Can Social Media Optimize Your Website?
Writing by Nick Stamoulis on Wednesday, March 4, 2009 Comments (4)
If you haven’t heard by now, the Mars brand candy Skittles made a courageous effort to include social media user-generated content (UGC) on its website, but its effort has blighted its colorful face with a few ugly punches.

It was a valiant effort, and to answer the question: Yes, this kind of UGC can help you optimize your website for your important keywords. But at what cost? Well, that’s what Skittles found out.
Any time you open your company website up to the entire Web to come in and say anything they want, they will. Do you really want that? Is that the cost you’re willing to pay for search engine optimziation your website the easy way?
The comments page on a MediaPost article on this subject has some interesting question from one of the commentators:
So Twitter was being used for a Text2Screen campaign? Is it approved by carriers for that purpose? There is no profanity monitoring apparently.

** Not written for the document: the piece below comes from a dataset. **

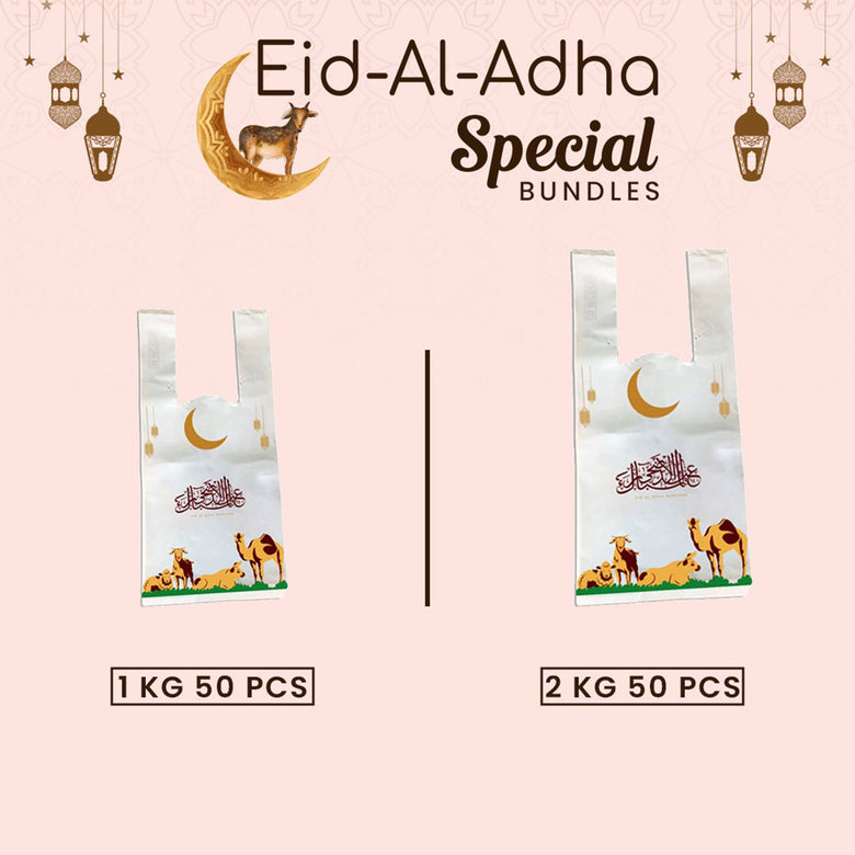 Get ready for a hassle-free Bakra Eid meat distribution with our premium quality plastic bags! Designed to keep your meat fresh and hygienic, our bags come in various sizes and are easy to carry. Made from eco-friendly and recyclable material, our bags are a responsible choice for the environment. Order now and enjoy a stress-free meat distribution experience

And the answer is, no, Twitter has no profanity control measures. There’s a reason for that. It wasn’t intended to be used as a business tool to begin with. It was a social tool. And in social settings, well, people tend to let their hair down (and everything else apparently). But, like language, you can’t control how everyone else is going to use your tool (no euphemism intended).
Twitter’s API And Language Control
What Twitter does have, however, is an API. An API is a developer’s resource that allows third-parties to take the code of a website and incorporate it into another tool to create a program, script, or other application that interacts with the website represented by the API. It’s sort of semi-open source. And it has its advantages.
Twitter’s API is what made Skittles’ social experiment possible. The problem is that Skittles didn’t take the proper precautionary measures to maintain control over the content that appears on its website. The company could have taken a commenting script and placed it on the site, thereby allowing users to comment on its website and assign an administrator to manually approve and disapprove those comments. But that’s a whole different ballgame. It’s much more cool to just allow comments that appear somewhere else to show up automatically on your own site. That is soooooo cool.
But cool has its price. And that’s the lesson to learn from Skittles. But the story doesn’t end there. What Skittles’ developers failed to do was to implement their own content filters. What would have stopped them from filtering out certain words that might appear in Twitter comments and close off those comments from appearing within the Twitter stream on their website? That would have been additional work for someone, but for a company concerned about its image, it’s a necessary step. And if you’re going to use a third-party API that directs user comments to your website for instant publication it is an essential step. I wonder why no one at Skittles thought of it.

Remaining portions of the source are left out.